始まらないホームルーム
職員会議は深夜まで及んだらしい。
なんの議題でそんなに紛糾したのかは不明であるが、
朝から生徒の間ではそんな噂だ。
「タケルさん、聞きまして??」
リリーは教室で声をかけてきた。
「何を?」
「職員会議が夜中まで紛糾したみたいですわよ。」
何を職員会議ごときでこんなに生徒は騒ぎ立てるのだろうか。
「なんでみんなそんなに騒ぎ立てているんだ??」
「なんでだって・・・・・」
リリーは目を丸くし、口をぽかんと開けている。
「そろそろホームルーム始まるぜ。席すわりなよ。」
「はあ・・・・」
俺はリリーをしっしっとお払い椅子に寄りかかる。
チャイムが鳴る。
しかし、教室に先生は入ってこない。
「・・・・・・・。」
教室は相変わらずがやついていて、席に座ってホームルームに備えようとする生徒はいない。
「何が・・・あった・・・?」
いつもなら規律正しくチャイムと同時に座るクラスメイト達はがやついている。
いや、がやついているという表現は正しくなかった。
なぜかすすり泣くような声が聞こえてきて、泣きじゃくっている生徒の頭をなでて
抱きしめるような場面もちらほら見える。
「なあ・・リリー。
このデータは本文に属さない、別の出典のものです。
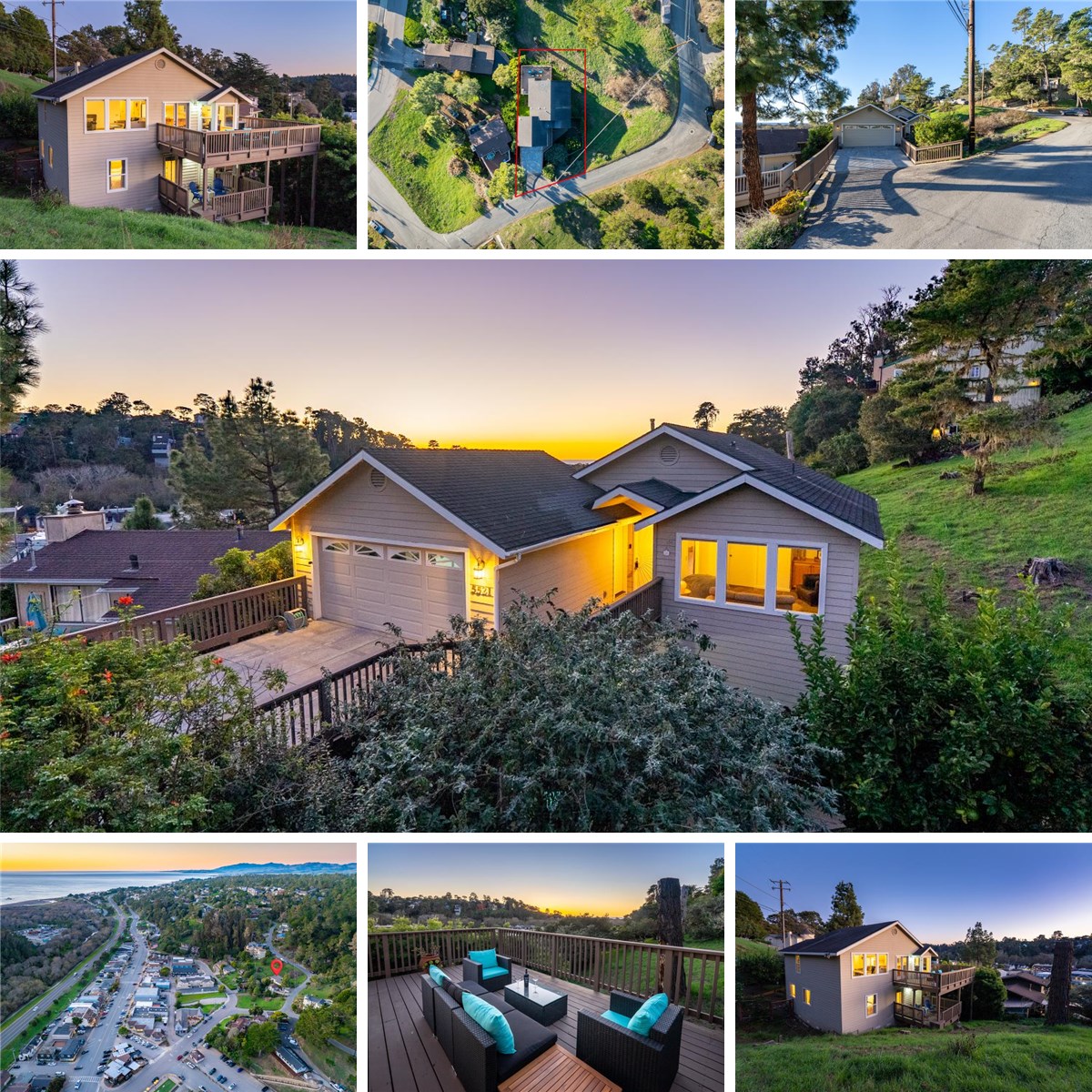 Just a short stroll from Cambria’s beloved West Village, this inviting 4 bedroom, 2.5 bath home offers the perfect blend of coastal charm, comfort, and walkable convenience. Set slightly above town, the home is elevated just enough to capture beautiful views of Cambria, the surrounding hills, and even a distant glimpse of the ocean. As you step inside, you’re welcomed by an abundance of windows that fill the main living areas with natural light, creating a cheerful and warm atmosphere. Recent upgrades, including luxury vinyl flooring through much of the home, add a modern touch while maintaining a relaxed coastal feel. The kitchen is designed for both everyday living and gathering, offering ample cabinetry and counter space, a breakfast bar, and an easy flow into the dining and family room, where a gas fireplace anchors the space and invites cozy evenings. Near the entry, a separate living room or den with a barn door provides flexibility for quiet moments, guests, or a home office. Both the guest bath and primary bath have been beautifully remodeled, and a versatile bonus room on the lower level offers endless possibilities as a fifth bedroom, media room, or workspace. The primary suite feels like a private retreat, complete with dual vanities, a spacious shower, a charming claw-foot tub, and access to its own deck—perfect for morning coffee. Outdoor living continues with a large view deck off the main living area, ideal for entertaining or simply taking in the evening sunsets, as well as a separate, private patio in a fenced yard with mature trees and a garden area. A finished two-car garage and laundry hookups on both levels add convenience, making this home as functional as it is welcoming—a true Cambria gem ready to be enjoyed.

」
「なんですの?さっき追い払ったくせに。」
リリーは少しふくれっ面だ。
機嫌を損ねてしまったようだ。
「悪かったって・・・・」
「知りませんの。」
「はあ・・・・。」
リリーはぷいっと顔を背けてしまった。
何があったか他の生徒に聞こうか。
いや、なんだか教室は落ち着かないな。
教室の外に出てしまおうか。
授業をさぼってカレーを食べに行ってもいいし、
天野に会ってもいい。
とにかくなんだろうか、、がやついているというより
すすり泣いて何かを悲しんでいるような空間に身を置くのはいささか苦痛であった。
俺が出ていこうとしたときだった。
教室前方の引き戸ががらりと勢いよくひかれた。
現れたのは、黒いローブを全身に身にまとった人。
身体のラインがわかりづらいが、たぶん女性だろう。
ローブの女性が手をあげる。
すると、クラスメイト達は一斉に教室の外に出る動きをとる。
「え・・・・?」
リリーが俺の手を引く。
「行きますわよ。」
「行くってどこにいくんだよ??」
俺はこれまでにない強さで手をひくリリーに食いつくように尋ねる。